One of the themes I want to develop in this blog is the relationship, tension, conflict, dichotomy or whatever you want to call it, between sexuality and spirituality. These have always been important issues for me, but rarely have I found a place where people can discuss these things openly and honestly, without the fear of judgment or excessive moralizing. Often people are in one camp or the other: either exceedingly sexual without any sense of the divine or the spirit, or even religious, or they are exceedingly spiritual or religious at cost of being prudish and puritanical. Yet I know there are many people out there who are both very sexual and very spiritual and feel perhaps lost in some strange purgatory between the two. Often that is how I feel, trying to balance these things, trying to have a spiritual life without being neurotically obsessed over sex, or trying to have a sexual life without losing my religious beliefs, many of which are complicated when it comes to sex and sexual desire.

One thing I  have been musing on recently when it comes to spirituality and sexuality is the necessity for love in our lives. Now by love I don’t necessarily mean romantic love, although I am not excluding it, but rather, the importance of love, of having loved ones in our lives, of being loved by others.

Romeo and Juliet by the 19th century English painter Ford Maddox Brown.

In the end, love is more important than fleshly things. Love lasts. Love is transcendent. Sometimes what seems so depressing about the whole PUA world (which I really don’t consider myself a part) is the complete lack of compassion towards others, the using of others for one’s own personal pleasure. In the short term this may seem fun, but in the long term I believe it is quite destructive. If I had to put this into religious terms, especially Christian terms, then I would consider that sinful. There are few worse things in life than callously using others for whatever reasons, whether it be sexually, financially, emotionally.  The complete lack of empathy, sympathy, and love towards others in the PUA world is disturbing. How can it not be but a destructive thing for all those involved, both men and women? If you read enough PUA material, you see the proof of this.

There is a certain unending loneliness to the perpetual conquest. One girl is never enough. You need more. Then when it is over, you need another. And another. It never ends. How much better to find someone you can love, and enjoy that love on a consistent basis. Love comforts in a way sex does not.

Christianity says that love is the essence of everything: the greatest of all three great theological virtues (hope, faith, charity) is love. I guess you could call me a romantic. As I mentioned above, I don’t like the harshness of the PUA scene. No, although I am an extremely sexual person, and the allure of cheap and easy sex is always there, I prefer to seek out deep, intense relationships with women. I can honestly say that I have rarely slept with a girl I did not have some degree of feelings for, and often those feelings were love.

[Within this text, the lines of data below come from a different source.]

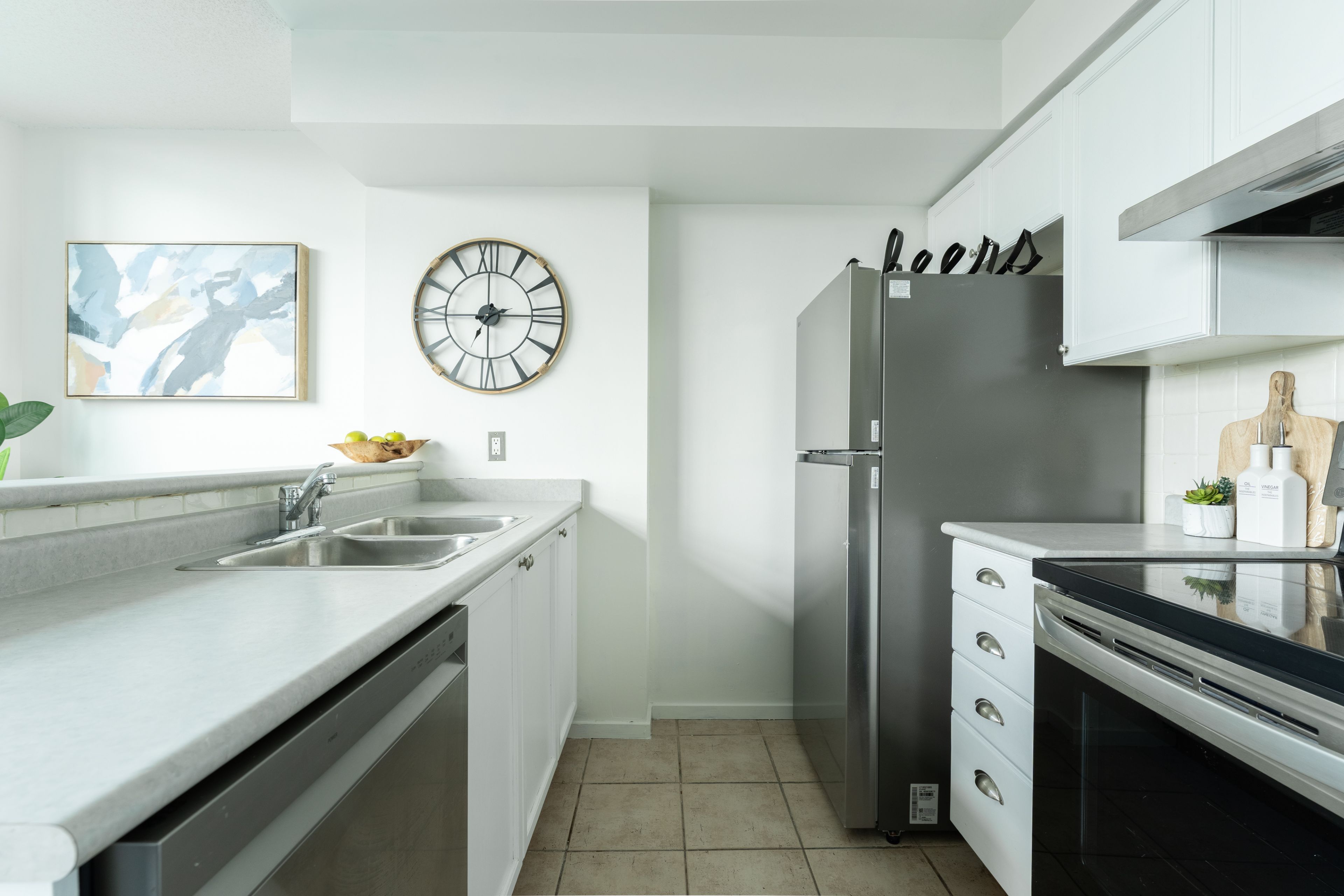 • New vinyl flooring and stainless steel appliances for modern living.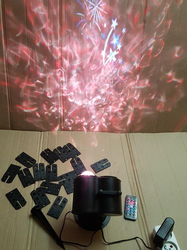 Без коробки кабель питания переработан на штекерный. см. фото. Описание ЛАЗЕРНЫЙ ПРОЕКТОР 18 СЛАЙДОВ С ПУЛЬТОМ УПРАВЛЕНИЯ Невероятно красивая сказка станет реальностью с лазерным проектором Projector With. Сказочные герои, игрушки, подарки, новогодняя атрибутика, - все это можно будет увидеть в саду, на доме, в бассейне. В комплекте 18 слайдов, меняйте картинки по настроению и по случаю. Есть пульт, с помощью которого можно дистанционно поменять цвет фона и другие настройки. 18 слайдов: Снежинки, День рождения, День святого Валентина, Хэллоуин, Рождество, Женские аксессуары, Мужские аксессуары, Маски, Карнавальные маски, Клоун, Фейерверк, Пасха. Оптимальный диапазон освещения проектора составляет 3 - 5 м.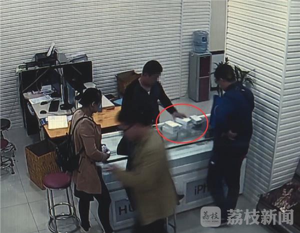 监控画面中就是徐州万虹桥附近的一家手机商铺,11月11号,画面中的男子正在柜台上与店主交易10部iphone6s手机,交易成功后没多久,店主报警,说自己被骗,买了十部苹果手机模型。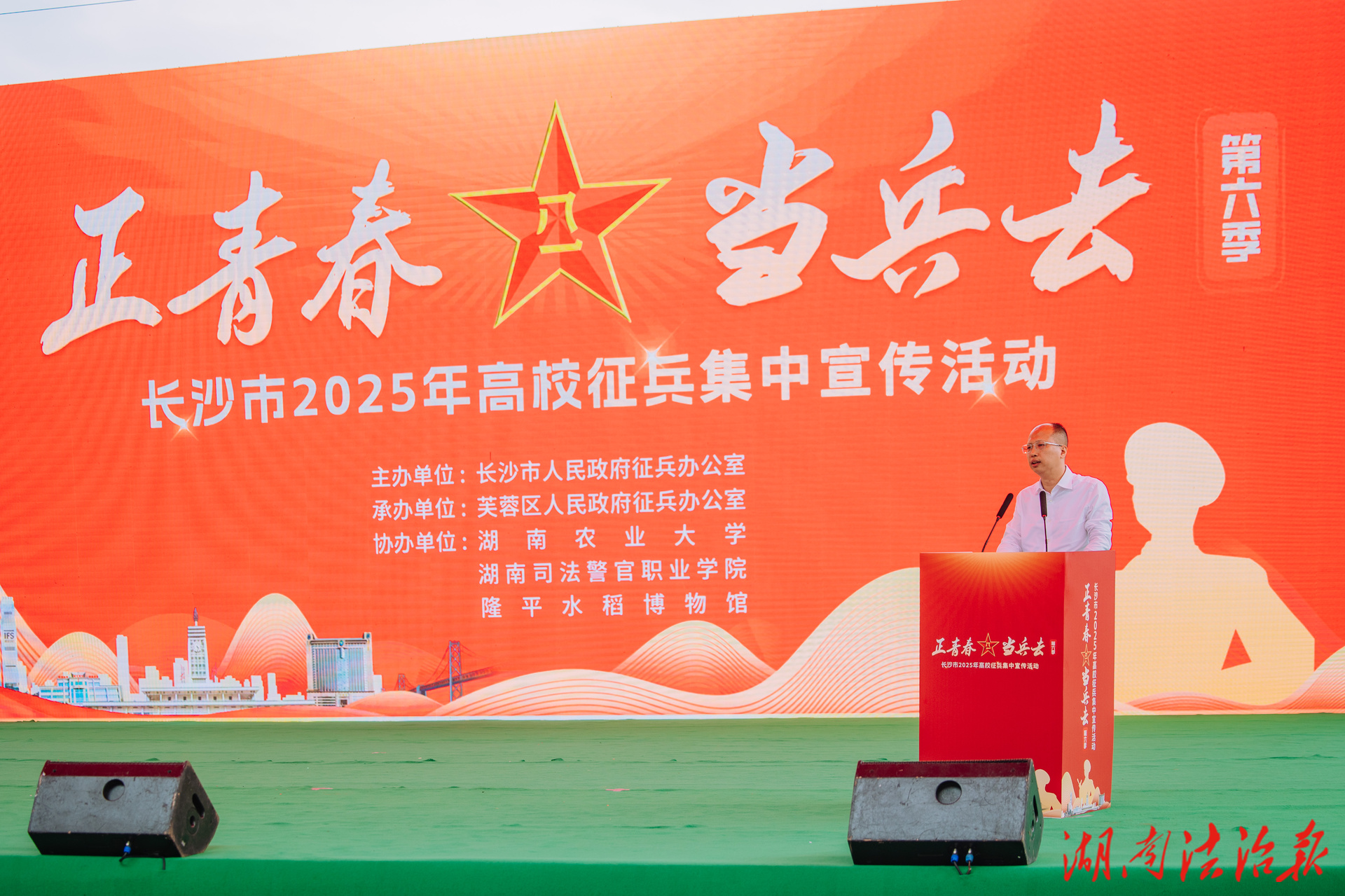 湖南法治报讯(通讯员 陈诺 曾颖)5月22日上午,长沙市芙蓉区隆平水稻博物馆内稻香氤氲、军歌嘹亮,“正青春•当兵去(第六季)”——长沙市2025年高校征兵集中宣传活动在此展开。活动通过“种子·梦想萌生”“嫩芽·磨砺培育”“成穗·风雨结果”三大篇章,串联起从军旅梦想到使命践行的成长脉络。
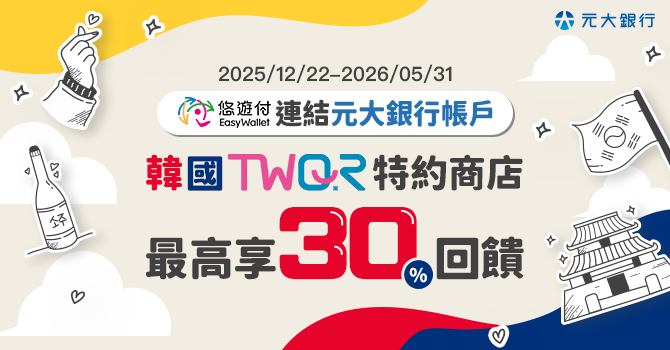 - 本活動所稱最高回饋30%,係指經綜合計算多項可疊加活動回饋之最高回饋率:即「元大銀行帳戶於韓國TWQR特約商店消費享每筆10%回饋」、「悠遊付錢包或綁定銀行帳戶扣款支付,每筆扣款享18.5%悠遊付回饋金」、「活動期間享免付1.5%海外交易手續費」計算之總回饋率,各項回饋適用之條件及注意事項應依各活動規範為準。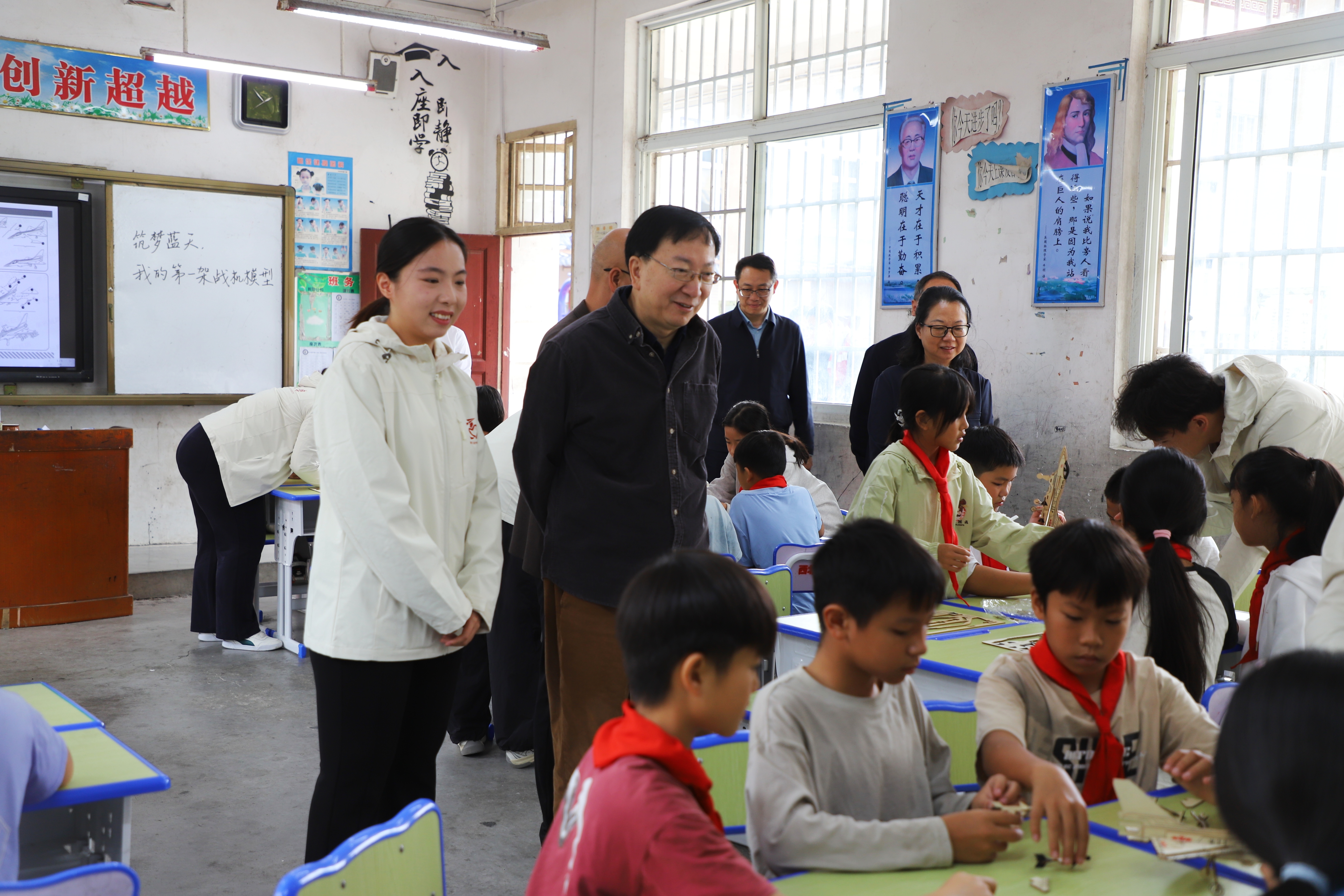 在香粉乡中心小学,李言荣一行检查学校帮扶项目实施情况,看望必赢官网研究生支教团志愿者。

If I had to chose, would I want a life of sensual pleasure devoid of love, or a life of love devoid of sensual pleasure, I suppose I would have to chose the later. Fortunately life is never this simple; but my preference is for deeper human contact than simply the carnal. The pleasures of the flesh are fleeting. Love, whether it be with family, friends or a lover, well that transcends the fleshly pleasures. I would rather feel a broken heart for a year than sleep with countless women and feel nothing. At least I know I am alive, that I experienced the fire of life, and that, despite my sexual habits, perhaps God understands and he understands because there was at least some degree of love involved.